**Supplied data:**
★ ★ ★ ★ ★ ★ ★
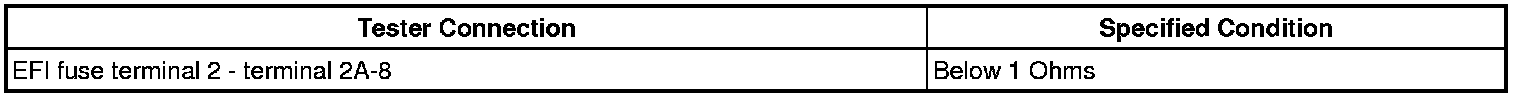 (1) Remove the EFI fuse. Using an ohmmeter, measure the resistance between the terminals.
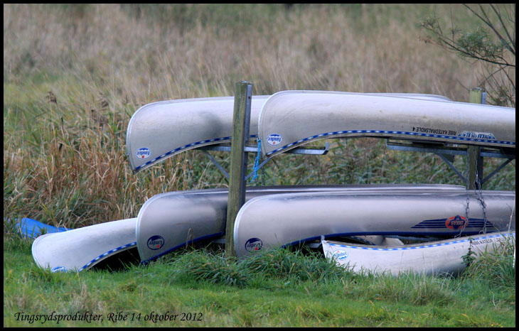 Intill ån som rinner genom Ribe låg ett antal kanoter från Tingsryd. |
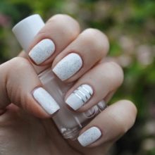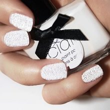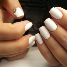 - Often when applying white varnish on the nails, small surface irregularities or noticeable defects are formed. You should not be afraid of such problems, but you need to fight them. A clear glitter varnish may help. It just needs to be applied in a single layer on a white coating, and then dried thoroughly. Under the transparent layer, all the irregularities of the white varnish will be almost invisible, and the sparkles will make the manicure more “lively” and attractive.
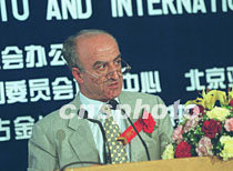 黎巴嫩驻华大使齐丹·萨基尔九日在第四届中国北京高新技术产业国际周“入世”与国际合作论坛上作《我们需要中国农业合作项目》的演讲。中新社图 史利 摄
★ ★ ★ ★ ★ ★ ★
**What you are asked to do:**
Repeat the data exactly. Pictures should not appear.

**Task answer:**
 (1) Remove the EFI fuse. Using an ohmmeter, measure the resistance between the terminals.
 Intill ån som rinner genom Ribe låg ett antal kanoter från Tingsryd. |
 - Often when applying white varnish on the nails, small surface irregularities or noticeable defects are formed. You should not be afraid of such problems, but you need to fight them. A clear glitter varnish may help. It just needs to be applied in a single layer on a white coating, and then dried thoroughly. Under the transparent layer, all the irregularities of the white varnish will be almost invisible, and the sparkles will make the manicure more “lively” and attractive.
 黎巴嫩驻华大使齐丹·萨基尔九日在第四届中国北京高新技术产业国际周“入世”与国际合作论坛上作《我们需要中国农业合作项目》的演讲。中新社图 史利 摄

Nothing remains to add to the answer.